%%

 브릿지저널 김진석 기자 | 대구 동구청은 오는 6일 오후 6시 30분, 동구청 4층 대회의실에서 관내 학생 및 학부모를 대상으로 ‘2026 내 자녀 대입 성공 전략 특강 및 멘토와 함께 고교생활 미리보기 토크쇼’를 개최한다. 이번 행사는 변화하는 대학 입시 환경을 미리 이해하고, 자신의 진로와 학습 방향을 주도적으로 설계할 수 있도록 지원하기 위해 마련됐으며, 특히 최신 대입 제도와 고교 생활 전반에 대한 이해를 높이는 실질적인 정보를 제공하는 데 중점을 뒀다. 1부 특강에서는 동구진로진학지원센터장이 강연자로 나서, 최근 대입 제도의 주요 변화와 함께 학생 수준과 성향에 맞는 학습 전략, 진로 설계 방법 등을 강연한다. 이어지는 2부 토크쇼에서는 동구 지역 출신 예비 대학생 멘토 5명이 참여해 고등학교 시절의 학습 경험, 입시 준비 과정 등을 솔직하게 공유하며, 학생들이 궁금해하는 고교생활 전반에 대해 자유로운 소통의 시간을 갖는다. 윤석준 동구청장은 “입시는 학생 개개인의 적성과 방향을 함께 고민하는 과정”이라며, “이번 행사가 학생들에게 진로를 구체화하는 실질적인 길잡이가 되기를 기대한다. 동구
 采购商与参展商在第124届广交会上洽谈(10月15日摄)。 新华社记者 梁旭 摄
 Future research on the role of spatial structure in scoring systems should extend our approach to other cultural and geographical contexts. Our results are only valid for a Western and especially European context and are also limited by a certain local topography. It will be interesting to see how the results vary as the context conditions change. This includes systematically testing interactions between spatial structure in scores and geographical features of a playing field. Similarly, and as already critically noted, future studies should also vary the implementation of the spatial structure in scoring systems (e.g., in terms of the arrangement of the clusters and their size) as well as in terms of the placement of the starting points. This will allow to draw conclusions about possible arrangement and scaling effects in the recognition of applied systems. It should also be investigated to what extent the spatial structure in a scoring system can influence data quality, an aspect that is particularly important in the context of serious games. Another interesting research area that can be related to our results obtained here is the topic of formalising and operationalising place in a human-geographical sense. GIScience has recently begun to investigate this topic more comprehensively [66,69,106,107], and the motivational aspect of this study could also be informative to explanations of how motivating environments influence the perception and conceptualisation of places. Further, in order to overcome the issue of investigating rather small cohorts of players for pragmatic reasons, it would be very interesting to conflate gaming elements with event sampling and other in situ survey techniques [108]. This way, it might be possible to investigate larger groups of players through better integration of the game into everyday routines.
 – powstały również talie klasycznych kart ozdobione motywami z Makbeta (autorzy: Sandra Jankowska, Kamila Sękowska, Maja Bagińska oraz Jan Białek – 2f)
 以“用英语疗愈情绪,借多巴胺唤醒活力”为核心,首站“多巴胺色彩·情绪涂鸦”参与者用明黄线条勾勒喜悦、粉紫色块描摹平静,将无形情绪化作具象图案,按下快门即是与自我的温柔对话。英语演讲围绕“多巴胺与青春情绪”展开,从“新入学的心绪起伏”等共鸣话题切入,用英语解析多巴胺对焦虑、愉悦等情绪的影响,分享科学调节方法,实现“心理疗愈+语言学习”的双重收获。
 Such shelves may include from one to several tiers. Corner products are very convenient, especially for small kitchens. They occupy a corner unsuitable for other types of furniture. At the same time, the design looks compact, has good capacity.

%%

**HOW TO COMPLETE THIS TASK:** In the listing above, please print only the lines from the first one to the line where "采购商与参展商在第124届广交会上洽谈(10月15日摄)。 新华社记者 梁旭 摄" appears, exactly as written, both of those lines included.

**RESULT:**
 브릿지저널 김진석 기자 | 대구 동구청은 오는 6일 오후 6시 30분, 동구청 4층 대회의실에서 관내 학생 및 학부모를 대상으로 ‘2026 내 자녀 대입 성공 전략 특강 및 멘토와 함께 고교생활 미리보기 토크쇼’를 개최한다. 이번 행사는 변화하는 대학 입시 환경을 미리 이해하고, 자신의 진로와 학습 방향을 주도적으로 설계할 수 있도록 지원하기 위해 마련됐으며, 특히 최신 대입 제도와 고교 생활 전반에 대한 이해를 높이는 실질적인 정보를 제공하는 데 중점을 뒀다. 1부 특강에서는 동구진로진학지원센터장이 강연자로 나서, 최근 대입 제도의 주요 변화와 함께 학생 수준과 성향에 맞는 학습 전략, 진로 설계 방법 등을 강연한다. 이어지는 2부 토크쇼에서는 동구 지역 출신 예비 대학생 멘토 5명이 참여해 고등학교 시절의 학습 경험, 입시 준비 과정 등을 솔직하게 공유하며, 학생들이 궁금해하는 고교생활 전반에 대해 자유로운 소통의 시간을 갖는다. 윤석준 동구청장은 “입시는 학생 개개인의 적성과 방향을 함께 고민하는 과정”이라며, “이번 행사가 학생들에게 진로를 구체화하는 실질적인 길잡이가 되기를 기대한다. 동구
 采购商与参展商在第124届广交会上洽谈(10月15日摄)。 新华社记者 梁旭 摄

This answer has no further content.